Tedeschi is a well-known photographer. He has had fifteen solo exhibitions and participated in over twenty group exhibitions in Australia, Italy, France, and the United States. His images are included in the State Library of New South Wales, the Art Gallery of New South Wales, the National Library of Australia in Canberra, the Museum of Sydney, the Justice and Police Museum, the State Library of New South Wales (which has over 200 of his images), the Centre for Fine Art Photography in Colorado USA, and many private collections.

Tedeschi has been a judge of photographic competitions including the New South Wales Parliamentary Photography Prize. He frequently lectures on photography to camera clubs, the Art Gallery Society, and community groups.

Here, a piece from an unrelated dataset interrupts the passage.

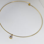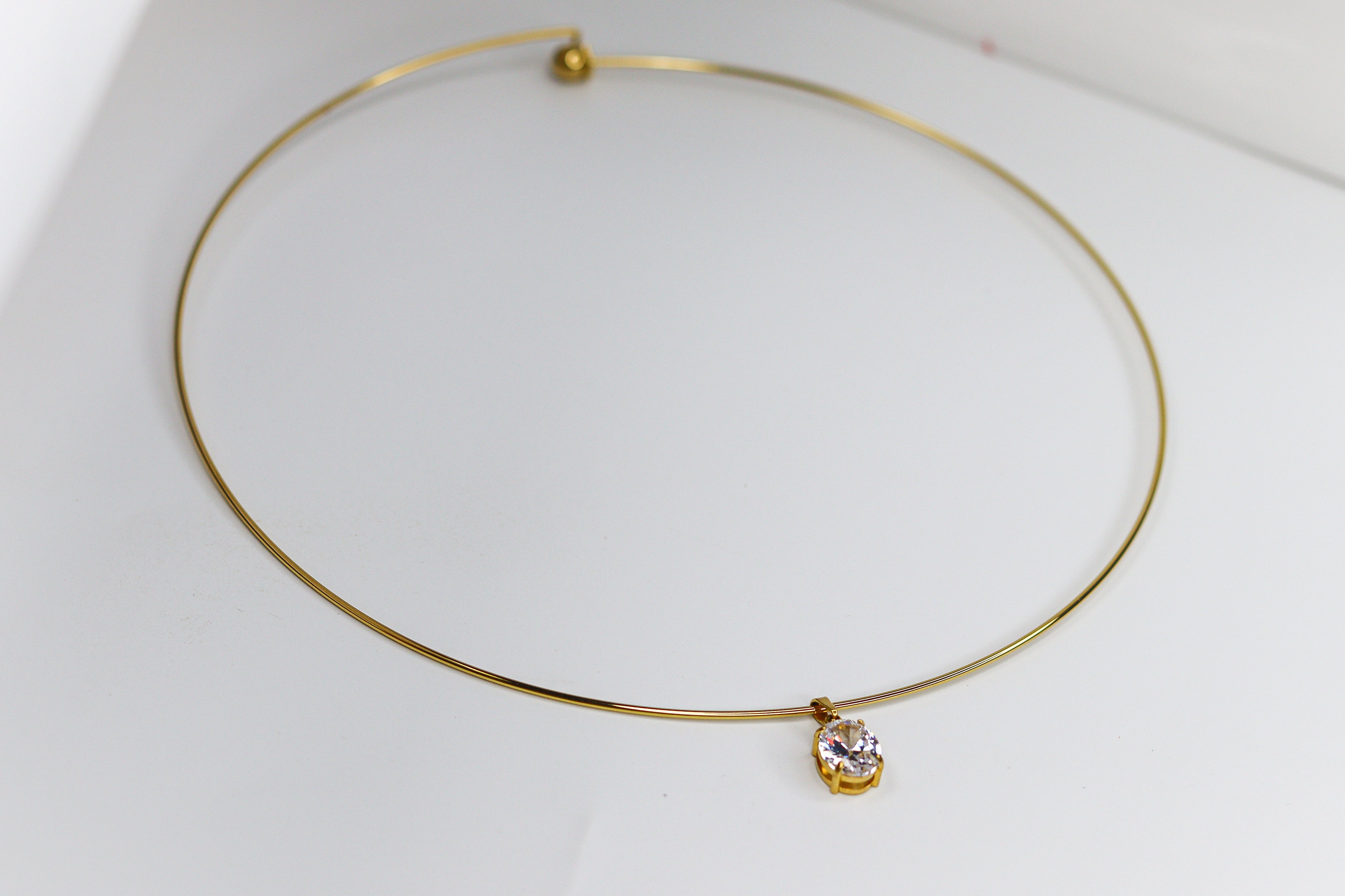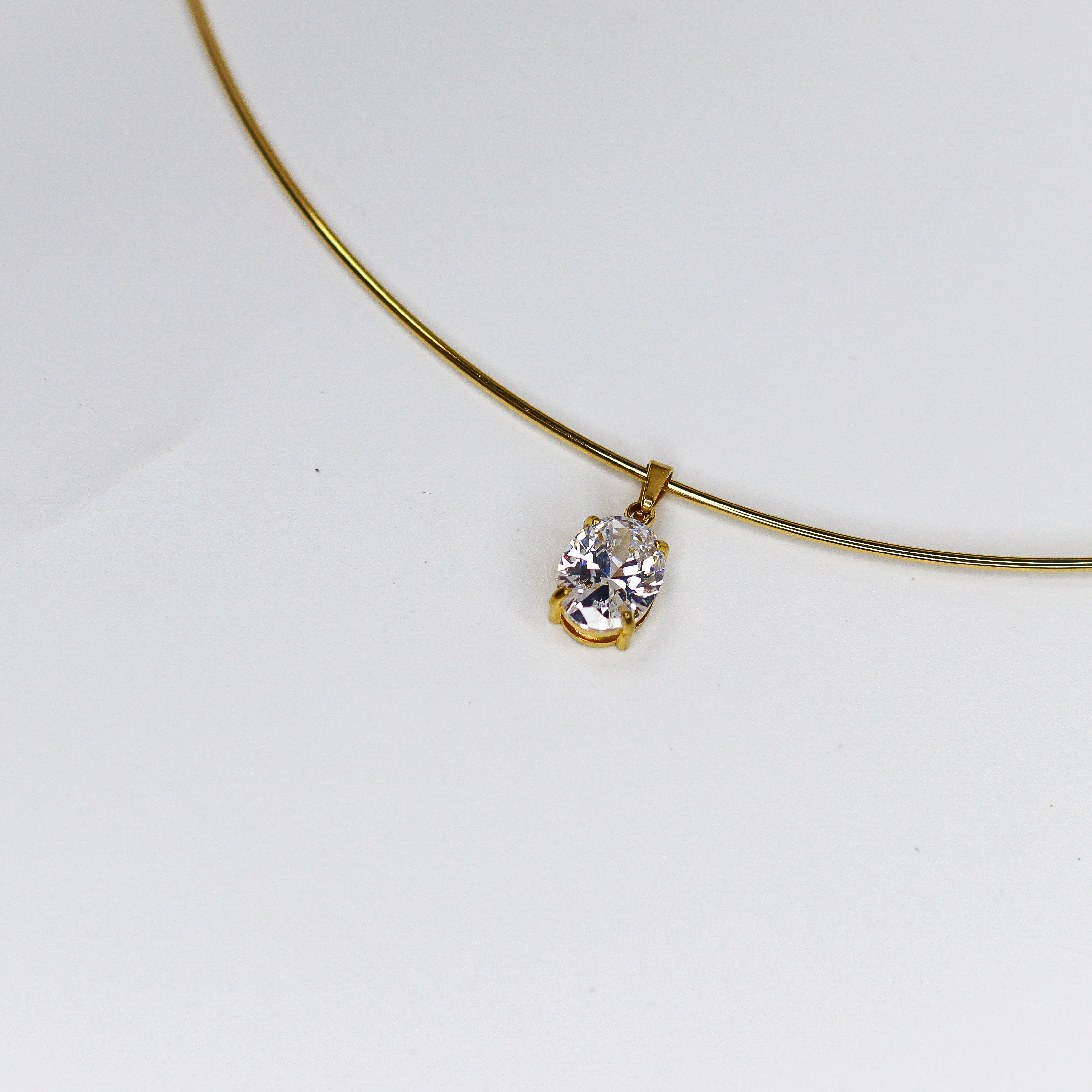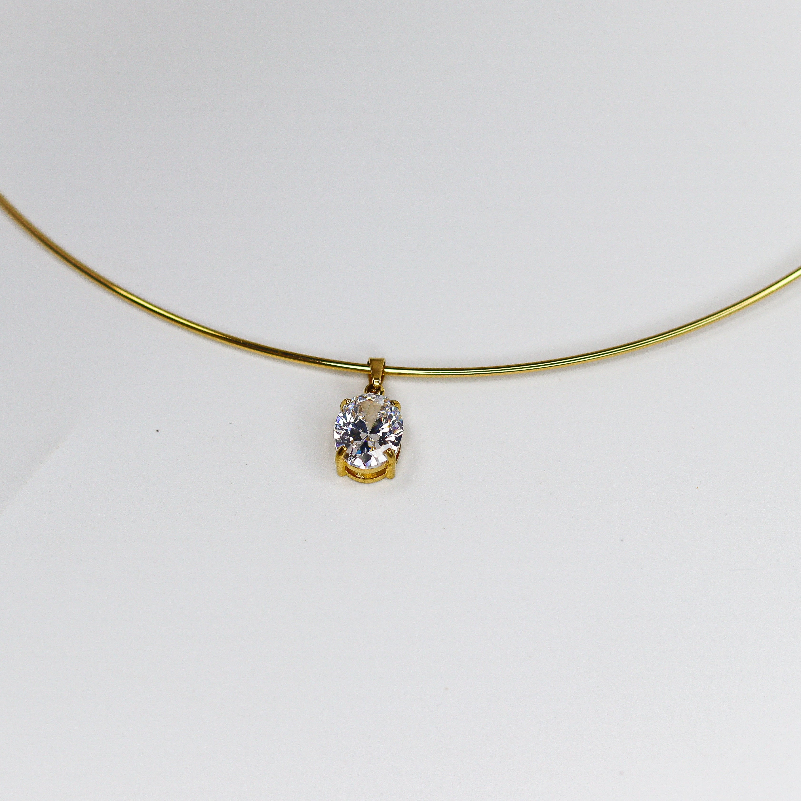 Style: A graceful gold-toned collar necklace adorned with oval shaped sparkling solitaire

Tedeschi is a member of the board of directors of the National Art School in Sydney and a Trustee of Sydney Grammar School. He is a former artist-in-residence at Sydney Grammar School.

===Bibliography===

Tedeschi is the author of several books, including one on international business law which he co-authored in 1980: Law of International Business in Australia with Dr. P.J. O'Keefe. A book of his photographs was published by Beagle Press in 2012 entitled Shooting Around Corners, which featured over twenty-five years of his photography.

Tedeschi is the author of four true-crime books, all published by published by Simon & Schuster Australia. The first was Eugenia, published in 2012, which tells the story of Eugene Falleni. Kidnapped: the Crime that shocked a Nation, published in 2015, tells the story of the kidnapping and murder of 8-year-old Graeme Thorne in 1960. Murder at Myall Creek: The Trial that defined a Nation, published in 2016, tells the story of the trial of 10 European men and one African man who were charged with the murder of 28 Aboriginal Australians in 1838, and the prosecutor, John Hubert Plunkett who conducted their trial. Missing, Presumed Dead, published in 2022, details the murders committed by Bruce Burell.

==Awards and recognitions==

Tedeschi has been a four time finalist in the National Photographic Portrait Prize at the National Portrait Gallery in Canberra as well as the Contemporary Photographic Prize, the "Head On" Photographic Portrait Prize at the Australian Centre for Photography, and the Photographic Portrait Prize at the National Portrait Gallery in London.

In 2009 Tedeschi was made a Cavaliere Ordine al Merito della Repubblica Italiana or Knight of the Order of Merit of the Italian Republic. In 2013 he was announced a Member of the Order of Australia (AM), for significant service to the law as a prosecutor, and to photography.